In vivo, silicosis model mice were treated with intraperitoneal injection of A2AR-Agonist-1 (0.25mg/kg) for 28 days. By activating A2AR to inhibit the Wnt/β-catenin signaling pathway, the inflammation, fibrosis and epithelial-mesenchymal transition of lung tissue were alleviated^[6]. Intraperitoneal injection of A2AR-agonist-1 (1mg/kg) reduced the expression of E-selectin and ICAM-1 proteins in the aorta, heart, and pulmonary blood vessels of LPS-challenged mice, alleviating corresponding cardiac inflammatory damage ^[7].

References:
[1] Chen JB, Liu EM, Chern TR, et al. Design and synthesis of novel dual-action compounds targeting the adenosine A(2A) receptor and adenosine transporter for neuroprotection. ChemMedChem 2011, 6(8):1390-1400.
[2] Cristalli G, Lambertucci C, Marucci G, et al. A2A adenosine receptor and its modulators: overview on a druggable GPCR and on structure-activity relationship analysis and binding requirements of agonists and antagonists. Curr Pharm Des 2008, 14(15):1525-1552.
[3] Al-Attraqchi OHA, Attimarad M, Venugopala KN, et al. Adenosine A2A Receptor as a Potential Drug Target - Current Status and Future Perspectives. Curr Pharm Des 2019, 25(25):2716-2740.
[4] Mou K-J, Shen K-F, Li Y-L, et al. Adenosine A2A Receptor in Bone Marrow-Derived Cells Mediated Macrophages M2 Polarization via PPARγ-P65 Pathway in Chronic Hypoperfusion Situation. Frontiers in Aging Neuroscience 2022, Volume 13 - 2021.
[5] Sun Q, Jiang N, Yao R, et al. An agonist of the adenosine A(2A) receptor, CGS21680, promotes corneal epithelial wound healing via the YAP signalling pathway. Br J Pharmacol 2024, 181(19):3779-3795.
[6] Tian Y, Xia J, Yang G, et al. A2aR inhibits fibrosis and the EMT process in silicosis by regulating Wnt/β-catenin pathway. Ecotoxicol Environ Saf 2023, 249:114410.
[7] Li Y, Chen T, Cheang I, et al. Macrophage A2aR Alleviates LPS-Induced Vascular Endothelial Injury and Inflammation via Inhibiting M1 Polarisation and Oxidative Stress. J Cell Mol Med 2025, 29(5):e70458.
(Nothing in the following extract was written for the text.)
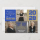 Blue and Bronze Gold Modern Chalkboard Graduation Photo Invitation on Grey Chalkboard
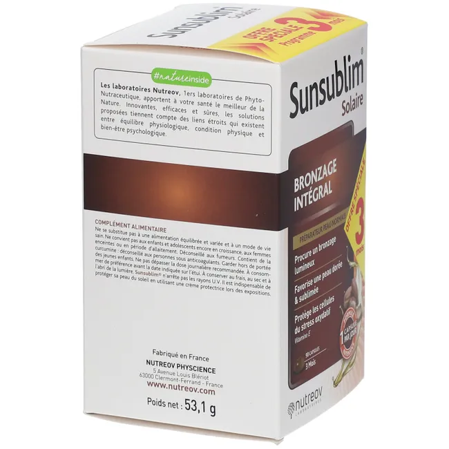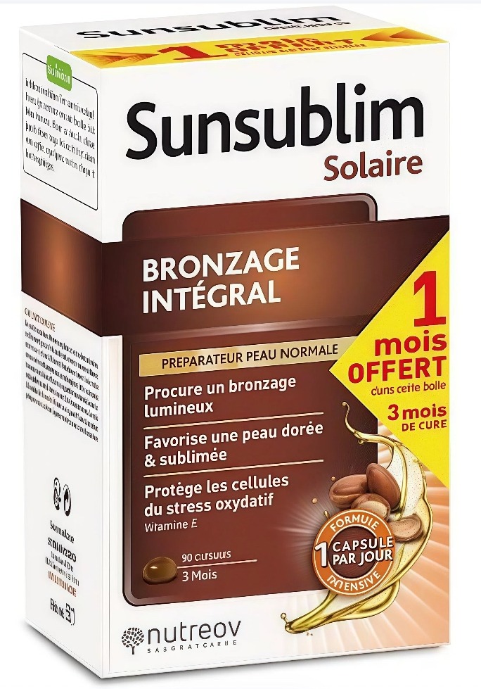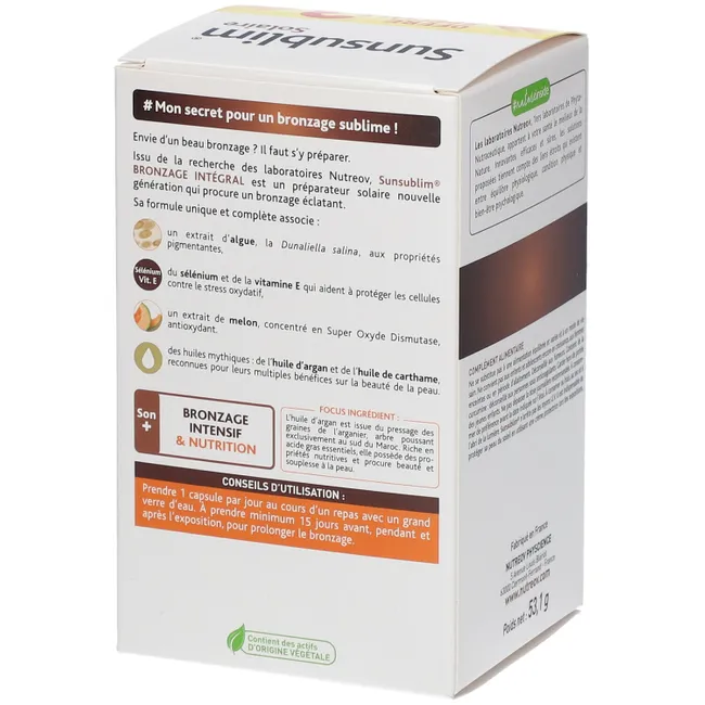 Биологически активная добавка Nutreov Sunsublim для загара с активными компонентами — это идеальное решение для тех, кто хочет получить красивый и ровный загар. В каждой упаковке содержится тщательно подобранный комплекс активных ингредиентов, который поддерживает здоровье кожи во время загара.

A2AR-agonist-1是腺苷A2A受体（A2AR）和平衡型核苷转运体1（ENT1）的强效激动剂，其Ki 值分别为 4.39 和 3.47^[1]。通过激活A2AR，它可调节下游环磷酸腺苷（cAMP）信号通路，同时抑制 ENT1以减少细胞对腺苷的摄取，增加细胞外腺苷浓度，协同增强A2AR的激活效应^[2]。作为 G 蛋白偶联受体家族的重要配体，其双重作用机制可有效调节细胞内信号转导，从而发挥抗炎、神经保护和改善心血管功能等多种生理效应^[3]。
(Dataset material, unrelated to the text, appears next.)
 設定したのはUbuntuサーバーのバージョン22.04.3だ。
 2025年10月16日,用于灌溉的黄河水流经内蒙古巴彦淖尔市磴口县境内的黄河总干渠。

在体外，用A2AR-agonist-1（1μM）处理巨噬细胞 0.5 小时可诱导巨噬细胞向M2型极化，通过PPARγ-P65通路增加抗炎细胞因子IL-10的表达，并抑制肿瘤坏死因子-α（TNF-α）和白细胞介素-1β（IL-1β）的表达^[4]。使用A2AR-agonist-1（0.001-1μM）处理人角膜上皮细胞12h，通过短期磷酸化抑制 YAP 活性、长期激活YAP核转位的双相调控机制，显著促进角膜上皮细胞的增殖与迁移，加速伤口愈合^[5]。

在体内，使用 A2AR-agonist-1（0.25mg/kg）腹腔注射治疗矽肺模型小鼠28天，通过激活A2AR抑制Wnt/β-连环蛋白信号通路，从而减轻肺组织炎症、纤维化及上皮间充质转化^[6]。A2AR-agonist-1（1mg/kg）通过腹腔注射减少了LPS攻击小鼠的主动脉、心脏和肺血管中E-选择素和ICAM-1蛋白的表达，减轻了相应的心脏炎症损伤^[7]。